:: Dataset entries ::
......

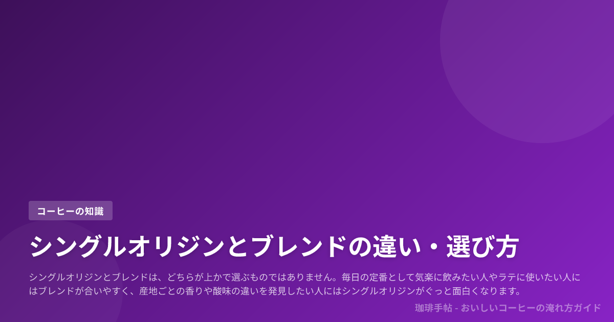 シングルオリジンとブレンドは、どちらが上かで選ぶものではありません。毎日の定番として気楽に飲みたい人やラテに使いたい人にはブレンドが合いやすく、産地ごとの香りや酸味の違いを発見したい人にはシングルオリジンがぐっと面白くなります。
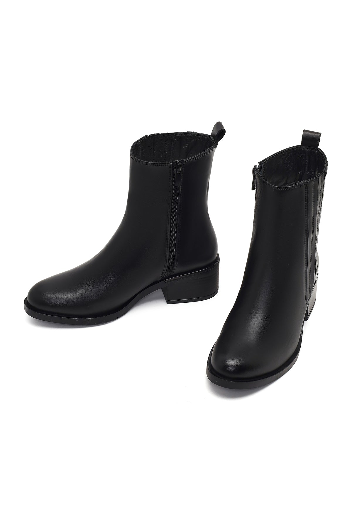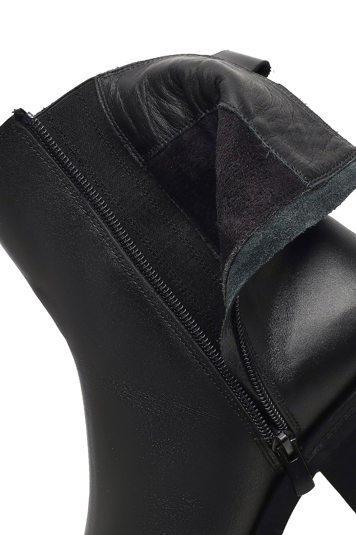 Kadın Siyah Fermuarlı Deri Bot
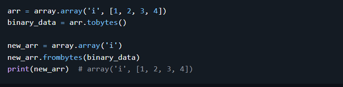 Если необходимо хранить и передавать числовые данные в компактном бинарном формате, array.array предоставляет удобные методы tobytes() и frombytes(). Эти методы позволяют легко конвертировать массив в последовательность байтов и обратно без необходимости дополнительных преобразований, как это требуется для списков.
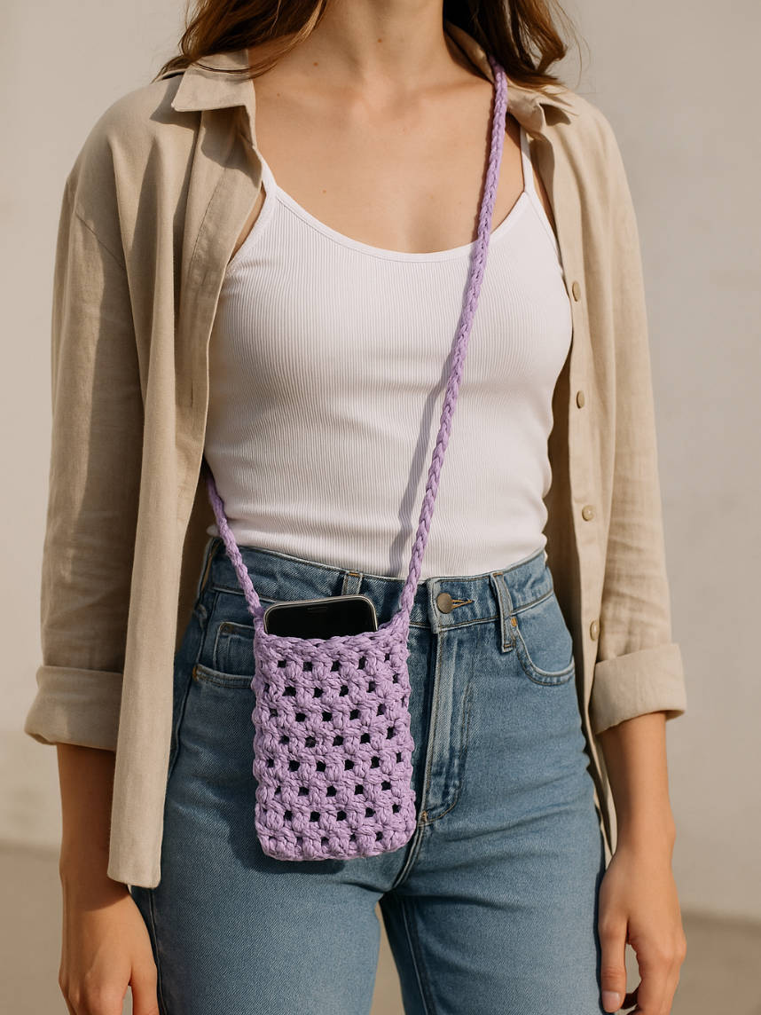 Сумка-чехол для телефона из хлопкового шнура от бренда svyazochka, размер 16*10 см
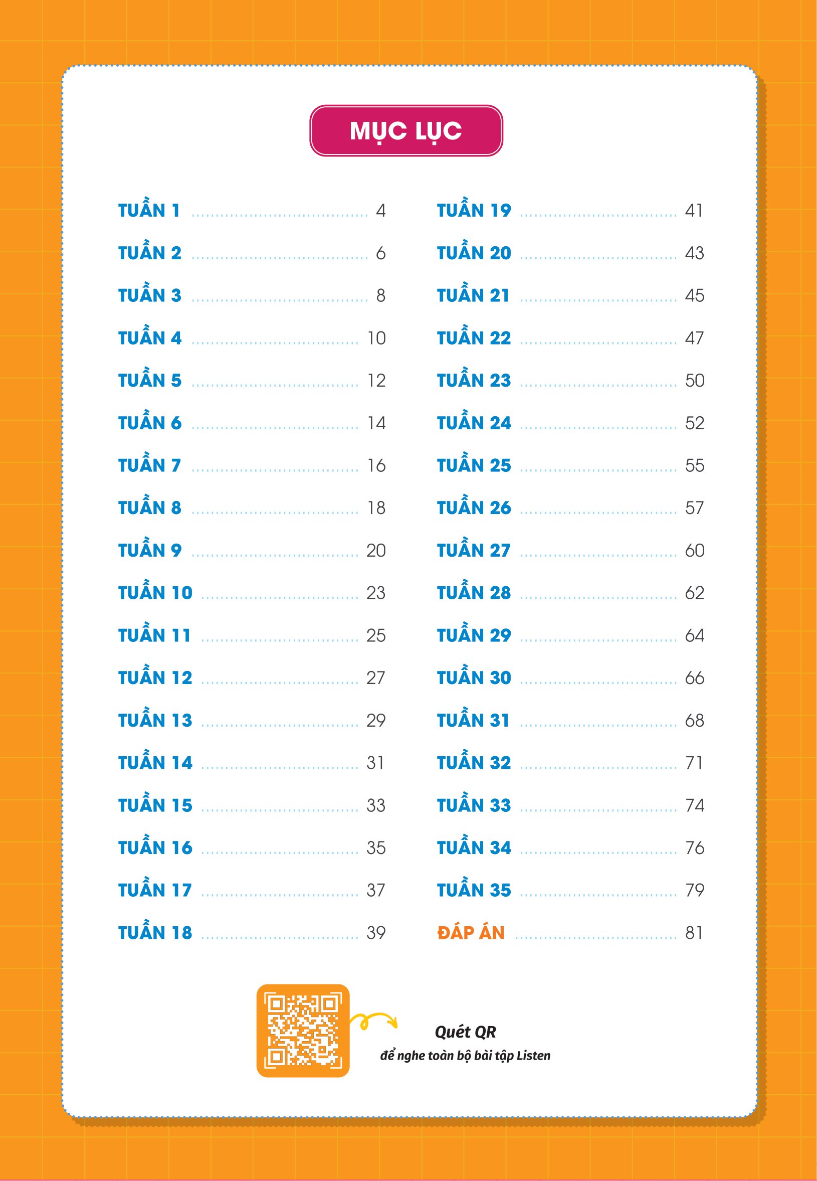 Bộ sách gồm các bài luyện tập chia theo tuần, ôn tập tổng quát kiến thức của 35 tuần học. Ngoài ra, cuốn sách cũng cung cấp các bài kiểm tra giữa kỳ và cuối kỳ để các con trau dồi thêm, tự tin chinh phục điểm cao trong các bài kiểm tra trên lớp.

......

:: WHAT YOU SHOULD DO ::
Exactly as they appear, repeat the lines from the one containing "Kadın Siyah Fermuarlı Deri Bot" through the last line of the entries, counting both ends. Pictures stay out.

:: SOLUTION ::
 Kadın Siyah Fermuarlı Deri Bot
 Если необходимо хранить и передавать числовые данные в компактном бинарном формате, array.array предоставляет удобные методы tobytes() и frombytes(). Эти методы позволяют легко конвертировать массив в последовательность байтов и обратно без необходимости дополнительных преобразований, как это требуется для списков.
 Сумка-чехол для телефона из хлопкового шнура от бренда svyazochka, размер 16*10 см
 Bộ sách gồm các bài luyện tập chia theo tuần, ôn tập tổng quát kiến thức của 35 tuần học. Ngoài ra, cuốn sách cũng cung cấp các bài kiểm tra giữa kỳ và cuối kỳ để các con trau dồi thêm, tự tin chinh phục điểm cao trong các bài kiểm tra trên lớp.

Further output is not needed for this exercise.